§ Goal of the exercise: An exact copy, beginning at the line containing "图1 Cr:Nd:YAG 和 Ce:Nd:YAG 的能级结构图" and ending at the final line of the records that follow, is the answer; it has no pictures and no other text.

§ Data for this exercise:
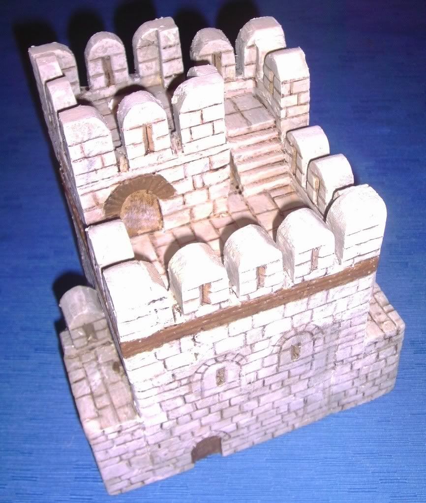 The roofs do not lift off on any of my models. My hat goes off to those who do model the internals of buildings. I find it challenging enough to design and model the externals in detail. My buildings are more for show but wall walks, towers etc have been designed with the placing of figures in mind. It is a relatively simple matter though to work out who is where for gaming purposes.
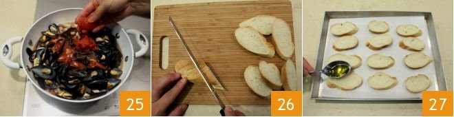 Add the peeled tomatoes 25 and cook for another 10-15 minutes until the sauce thickens. Meanwhile, prepare the croutons: cut the baguette into slices about 1-1/2 inches thick 26, place the slices on a baking tray lined with baking paper, and drizzle each crouton with olive oil 27.
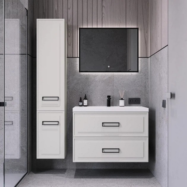 Модная и актуальная, строгая и элегантная коллекция в стиле нео-классика украсит современную ванную комнату. Строгую фрезеровку фасадов подчеркивает современная, дерзкая ручка. Подвесная тумба украсит ванную комнату в современном стиле. Коллекция выполнена из влагозащитного МДФ в пленке ПВХ и будет радовать Вас долгие годы. Качественная фурнитура с доводчиками обеспечивает легкое открывание и закрывание ящиков и дверок. Благодаря подвесному типу мебели легко поддерживать чистоту в ванной комнате. Укомплектуйте тумбу раковиной из искусственного камня нашего производства или столешницей из керамогранита и настольной раковиной.
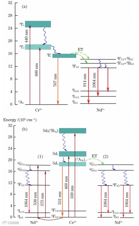 图1 Cr:Nd:YAG 和 Ce:Nd:YAG 的能级结构图
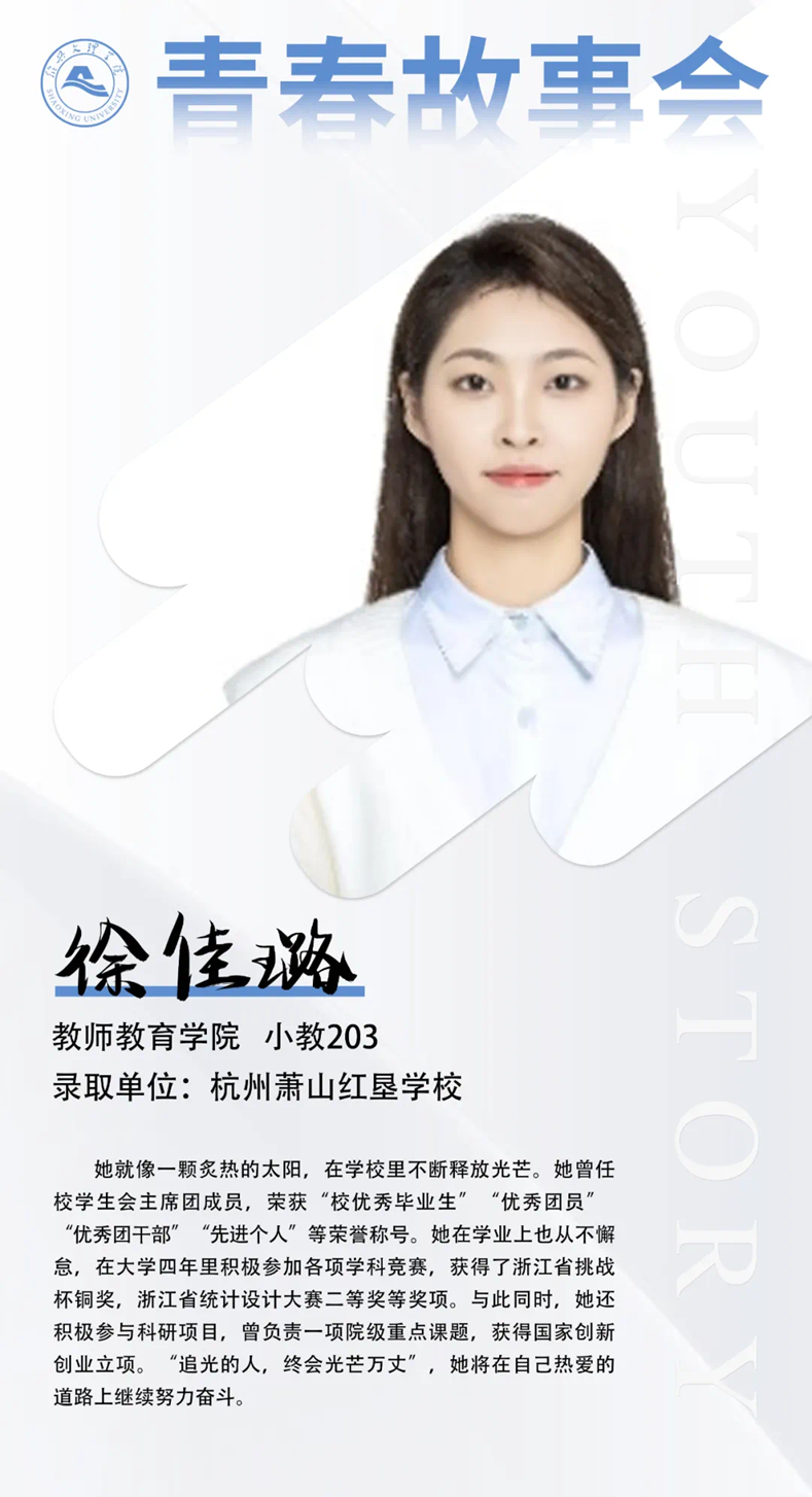 徐佳璐同学以考编必须了解的内容为切入点,以自身为例,分享自身在考编过程中经历的各种艰辛。多次考编失败的经历无法击垮这个女孩,她认为:只有坚持,才不会辜负自己的努力;只有坚持,才能摘取胜利的果实。
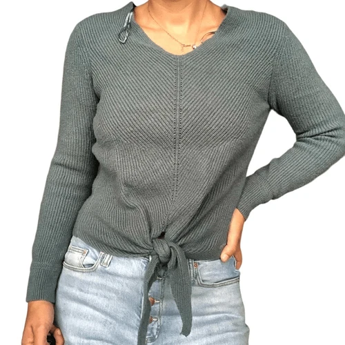 Rue & Willow Cropped Fall Knit Sweater Bow Tie Green Women Size Medium V Neck

§ Solution to this task:
 图1 Cr:Nd:YAG 和 Ce:Nd:YAG 的能级结构图
 徐佳璐同学以考编必须了解的内容为切入点,以自身为例,分享自身在考编过程中经历的各种艰辛。多次考编失败的经历无法击垮这个女孩,她认为:只有坚持,才不会辜负自己的努力;只有坚持,才能摘取胜利的果实。
 Rue & Willow Cropped Fall Knit Sweater Bow Tie Green Women Size Medium V Neck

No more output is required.